:: SUPPLIED DATA

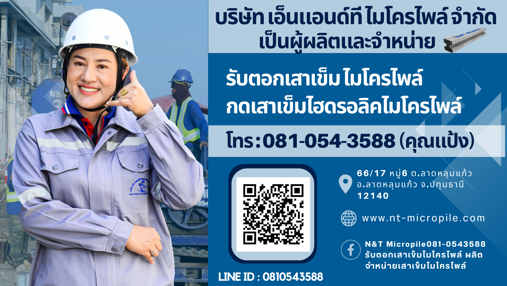 บริษัท เอ็นแอนด์ที ไมโครไพล์ จำกัด เป็นผู้ผลิตพร้อมตอกเสาเข็มไมโครไพล์ เสาเข็มที่มีคุณภาพได้มาตรฐาน ผ่านการรับรองจากวิศวกรและการทดสอบความสามารถในการรับน้ำหนักหนัก ความปลอดภัยโดยวิธีการ Dynamic Load Test สามารถรองรับน้ำหนักความปลอดภัยได้ถึง 15 – 45 ตัน แข็งแรง ได้มาตราฐาน ตอกแล้วไม่ทรุด
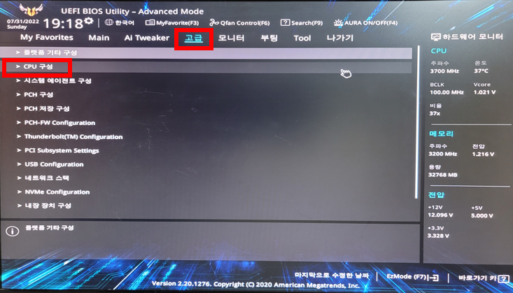 메인보드 업체가 서로 달라도 우리가 조작해야할 메뉴는 통상 Virtualization(가상화) 이라는 용어가 들어가 있습니다.
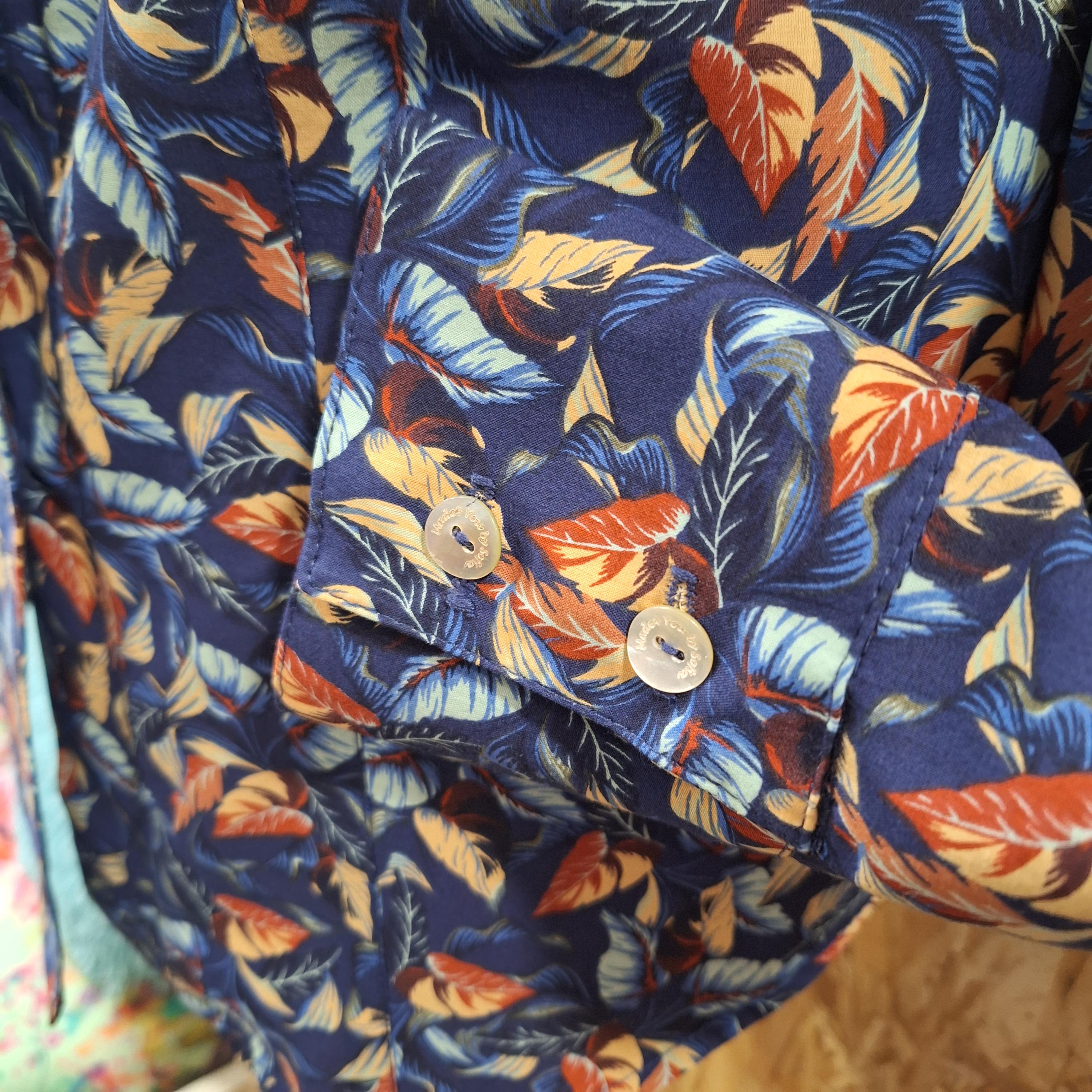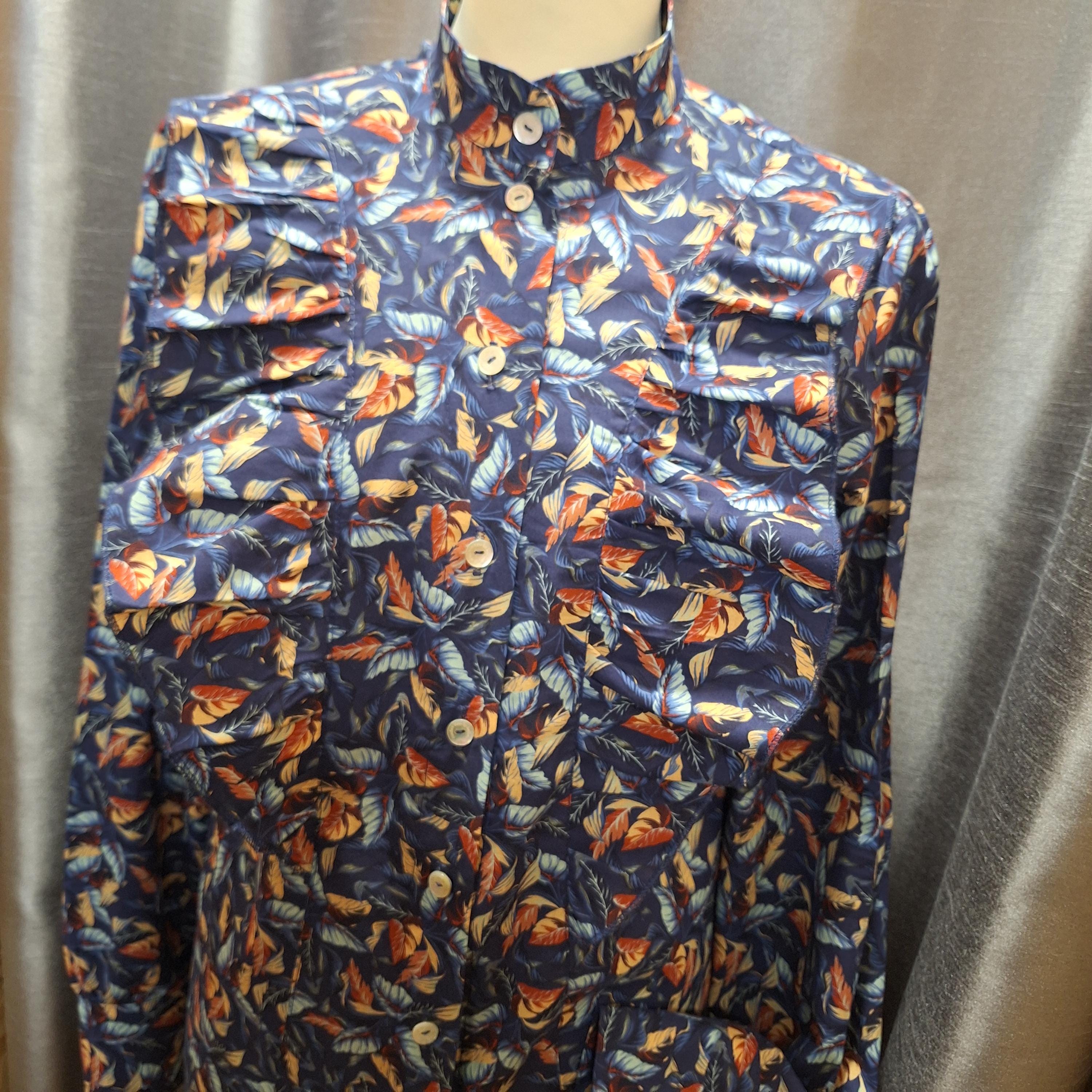 • Printed cotton shirt with a tropical leaf pattern and vibrant shades of blue, orange and brown. With a ruffle front and half collar.

::::

- _INSTRUCTIONS FOR THE TASK_: Your reply should be the full data above, copied exactly, with no pictures in it.

- _WRITTEN RESPONSE_:
 บริษัท เอ็นแอนด์ที ไมโครไพล์ จำกัด เป็นผู้ผลิตพร้อมตอกเสาเข็มไมโครไพล์ เสาเข็มที่มีคุณภาพได้มาตรฐาน ผ่านการรับรองจากวิศวกรและการทดสอบความสามารถในการรับน้ำหนักหนัก ความปลอดภัยโดยวิธีการ Dynamic Load Test สามารถรองรับน้ำหนักความปลอดภัยได้ถึง 15 – 45 ตัน แข็งแรง ได้มาตราฐาน ตอกแล้วไม่ทรุด
 메인보드 업체가 서로 달라도 우리가 조작해야할 메뉴는 통상 Virtualization(가상화) 이라는 용어가 들어가 있습니다.
 • Printed cotton shirt with a tropical leaf pattern and vibrant shades of blue, orange and brown. With a ruffle front and half collar.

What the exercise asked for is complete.